### Work item
The lines to output run from the first line of the entries below through the line containing "Varied Tit adult"; copy them exactly and leave out pictures.

(Stored items from a collection)
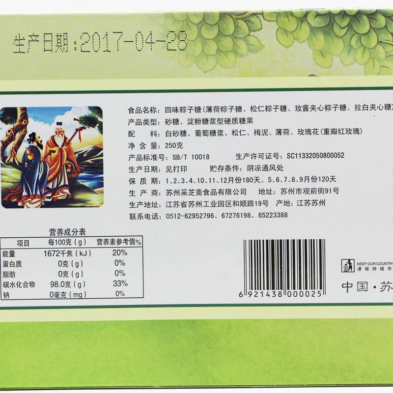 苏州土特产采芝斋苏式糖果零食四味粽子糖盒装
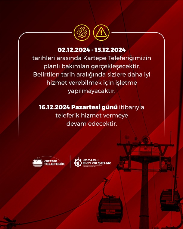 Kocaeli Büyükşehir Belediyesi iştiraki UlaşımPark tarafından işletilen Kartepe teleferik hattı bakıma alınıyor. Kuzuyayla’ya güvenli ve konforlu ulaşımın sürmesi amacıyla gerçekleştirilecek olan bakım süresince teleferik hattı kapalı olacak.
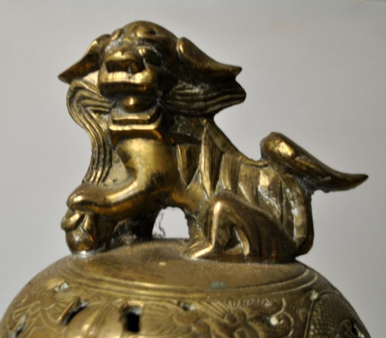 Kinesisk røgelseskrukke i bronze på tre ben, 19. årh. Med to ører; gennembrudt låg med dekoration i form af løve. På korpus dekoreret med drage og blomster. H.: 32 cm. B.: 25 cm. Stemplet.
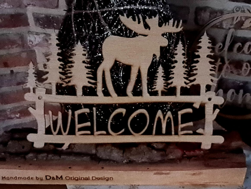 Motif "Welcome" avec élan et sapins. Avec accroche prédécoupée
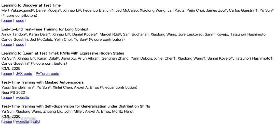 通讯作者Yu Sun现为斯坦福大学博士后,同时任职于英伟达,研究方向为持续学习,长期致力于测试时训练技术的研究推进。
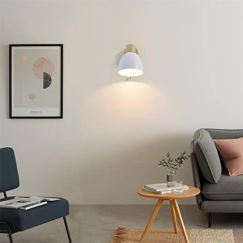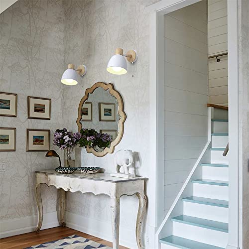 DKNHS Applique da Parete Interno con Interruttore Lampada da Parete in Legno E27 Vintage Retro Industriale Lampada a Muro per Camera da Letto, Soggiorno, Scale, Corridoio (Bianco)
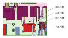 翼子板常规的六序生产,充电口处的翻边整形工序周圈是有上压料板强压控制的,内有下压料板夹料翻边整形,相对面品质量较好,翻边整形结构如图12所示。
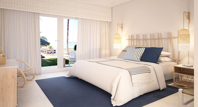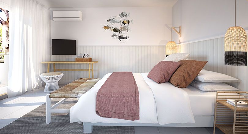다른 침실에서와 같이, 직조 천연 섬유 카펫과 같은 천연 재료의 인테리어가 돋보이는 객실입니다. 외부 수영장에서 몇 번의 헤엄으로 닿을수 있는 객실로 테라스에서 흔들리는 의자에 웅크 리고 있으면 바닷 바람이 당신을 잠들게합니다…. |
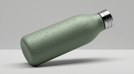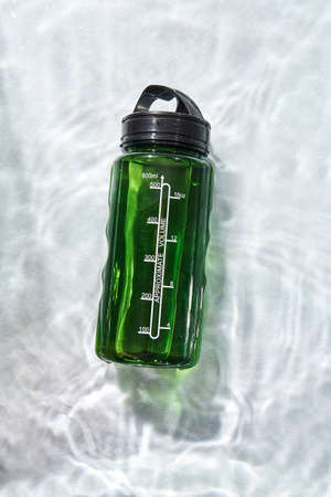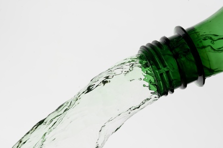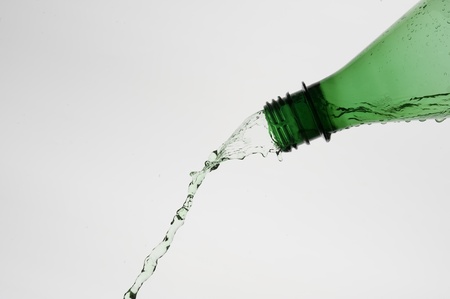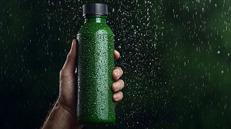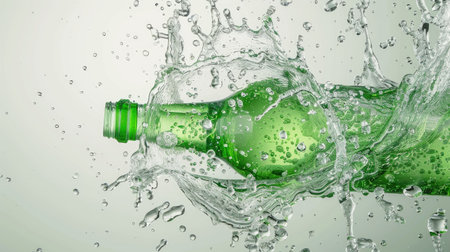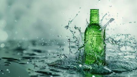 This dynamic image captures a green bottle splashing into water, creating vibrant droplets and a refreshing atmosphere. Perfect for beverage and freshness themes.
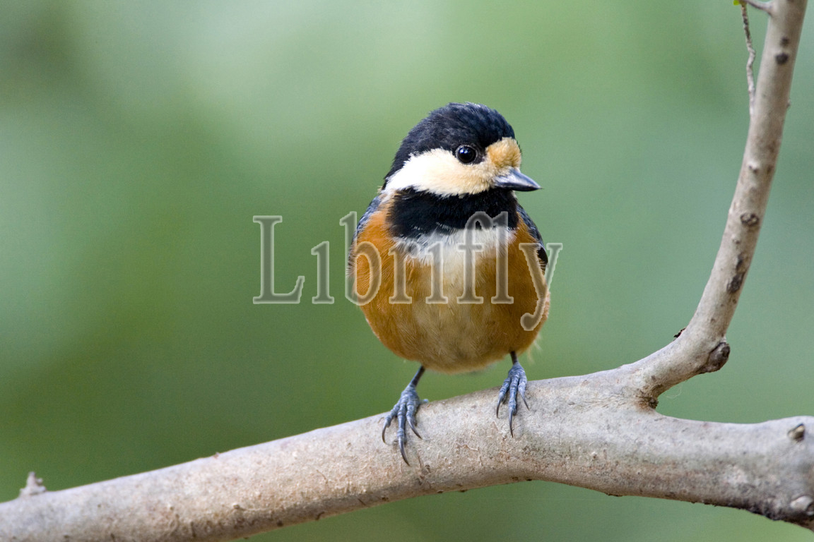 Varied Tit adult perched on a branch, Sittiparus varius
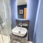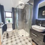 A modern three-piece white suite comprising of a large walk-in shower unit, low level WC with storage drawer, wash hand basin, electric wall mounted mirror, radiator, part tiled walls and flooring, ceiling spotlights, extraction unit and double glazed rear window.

### Exercise response
 苏州土特产采芝斋苏式糖果零食四味粽子糖盒装
 Kocaeli Büyükşehir Belediyesi iştiraki UlaşımPark tarafından işletilen Kartepe teleferik hattı bakıma alınıyor. Kuzuyayla’ya güvenli ve konforlu ulaşımın sürmesi amacıyla gerçekleştirilecek olan bakım süresince teleferik hattı kapalı olacak.
 Kinesisk røgelseskrukke i bronze på tre ben, 19. årh. Med to ører; gennembrudt låg med dekoration i form af løve. På korpus dekoreret med drage og blomster. H.: 32 cm. B.: 25 cm. Stemplet.
 Motif "Welcome" avec élan et sapins. Avec accroche prédécoupée
 通讯作者Yu Sun现为斯坦福大学博士后,同时任职于英伟达,研究方向为持续学习,长期致力于测试时训练技术的研究推进。
 DKNHS Applique da Parete Interno con Interruttore Lampada da Parete in Legno E27 Vintage Retro Industriale Lampada a Muro per Camera da Letto, Soggiorno, Scale, Corridoio (Bianco)
 翼子板常规的六序生产,充电口处的翻边整形工序周圈是有上压料板强压控制的,内有下压料板夹料翻边整形,相对面品质量较好,翻边整形结构如图12所示。
다른 침실에서와 같이, 직조 천연 섬유 카펫과 같은 천연 재료의 인테리어가 돋보이는 객실입니다. 외부 수영장에서 몇 번의 헤엄으로 닿을수 있는 객실로 테라스에서 흔들리는 의자에 웅크 리고 있으면 바닷 바람이 당신을 잠들게합니다…. |
 This dynamic image captures a green bottle splashing into water, creating vibrant droplets and a refreshing atmosphere. Perfect for beverage and freshness themes.
 Varied Tit adult perched on a branch, Sittiparus varius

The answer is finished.